Both positive and negative LR are clinically significant indicators of efficacy in diagnostic trials and are relatively independent. They are frequently employed to calculate post-test probabilities in order to improve the therapeutic relevance of the findings. The meta-analysis revealed a pooled positive LR of 1.38 and a pooled negative LR of 0.46. In addition, the Fagan's nomogram revealed that a pooled negative LR of 0.46, and reduced the post-test probability from 20% to 10%. However, prior studies have demonstrated that the likelihood of diagnosing or eliminating a certain ailment increases considerably when pooled positive LR >10 and pooled negative LR < 0.1.21 This suggested that ESR still has some limitations when used to diagnose pediatric osteomyelitis.

When AUC is less than 0.5, it shows no diagnostic value; it signals a low diagnostic value when it is between 0.5 and 0.7; a value between 0.7 and 0.9 indicates a high diagnostic value; moreover, when it exceeds 0.9, it represents the best diagnostic accuracy.22 The results showed a good level of diagnostic precision with an AUC for this research of 0.80.

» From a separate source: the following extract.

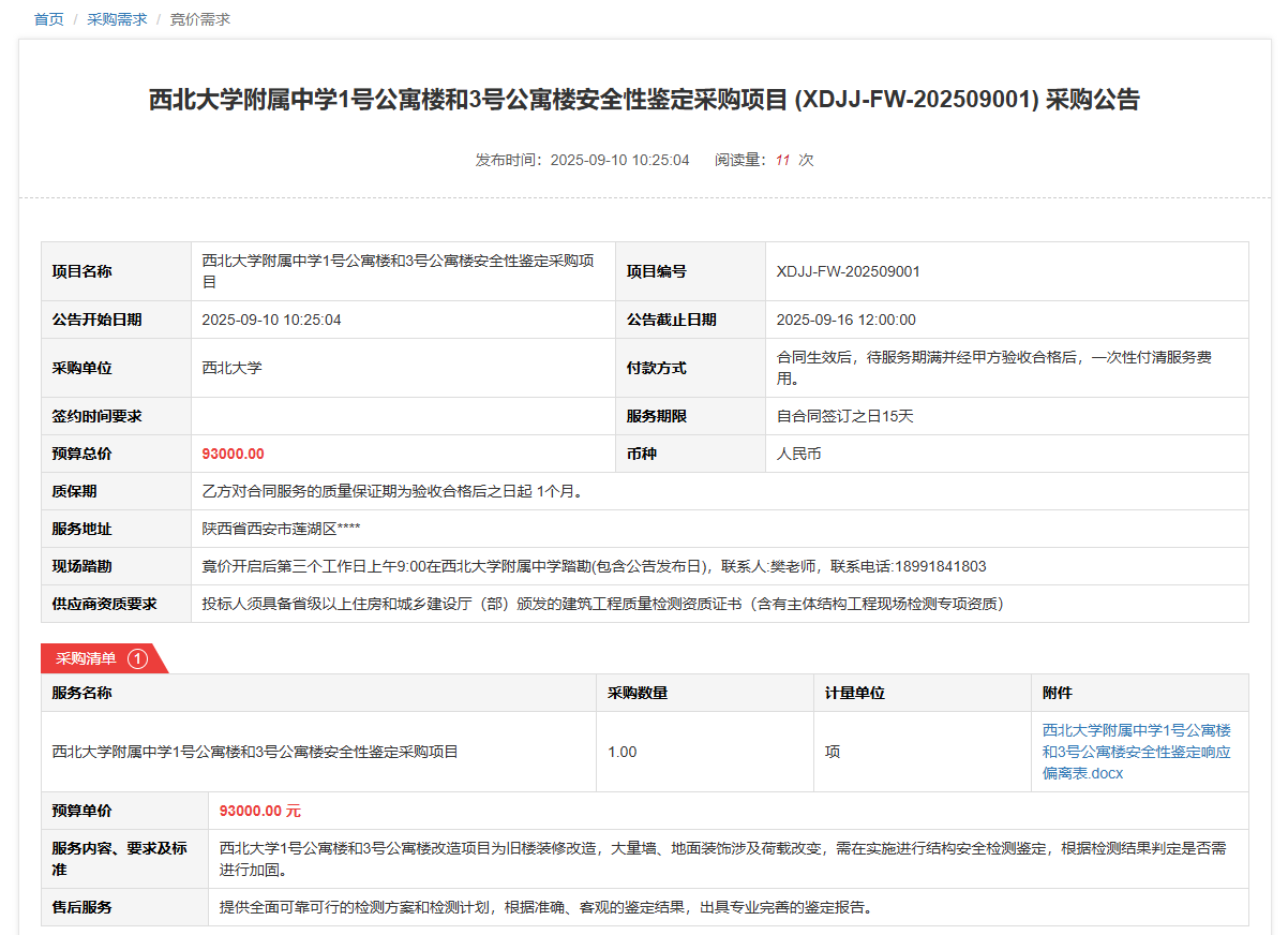 欧冠官方网站附属中学1号公寓楼和3号公寓楼安全性鉴定采购项目(XDJJ-FW-202509001)竞价采购公告

This study also had a number of other shortcomings, including: 1) This meta-analysis included both prospective and perspective studies, which may have had some bearing on the results; 2) The diagnostic value of serological biomarkers for osteomyelitis is influenced by multiple factors, such as infection stage, site of infection, previous treatment, and many confounding factors were not well controlled; 3) Some information were not provided about the clinical characteristics of the patients, such as infection site, stage of infection, pathogen type; 4) There may have been a linguistic bias as only English literature was looked at in this study.

Conclusion

To diagnose osteomyelitis in pediatric patients, this study set out to thoroughly evaluate the literature on the use of ESR as a biomarker. The specificity of ESR for the diagnosis of pediatric osteomyelitis is low, though. To diagnose pediatric osteomyelitis, it should therefore be used in conjunction with other tests rather than as a single biomarker. Due to the limitation of this study, much more high-quality studies will be required in the future to evaluate the applicability value of their combined diagnosis.

Abbreviations

ESR, erythrocyte sedimentation rate; QUADAS-2, Quality Assessment of Diagnostic Accuracy Studies-2; TP, true positive; FP, false positive; TN, true negative; FN, false negative; ROC, receiver operating characteristic; SROC, summary receiver operating characteristic; LR, likelihood ratio; DOR, diagnostic odds ratio; CI, Confidence interval.

Data Sharing Statement

They may get from correspondence author.

Ethical Approval

This study was approved by the ethics committee of The Second People’s Hospital of Lianyungang.

Funding

There is no funding to report.

Disclosure

The authors declare that they have no competing interest in this work.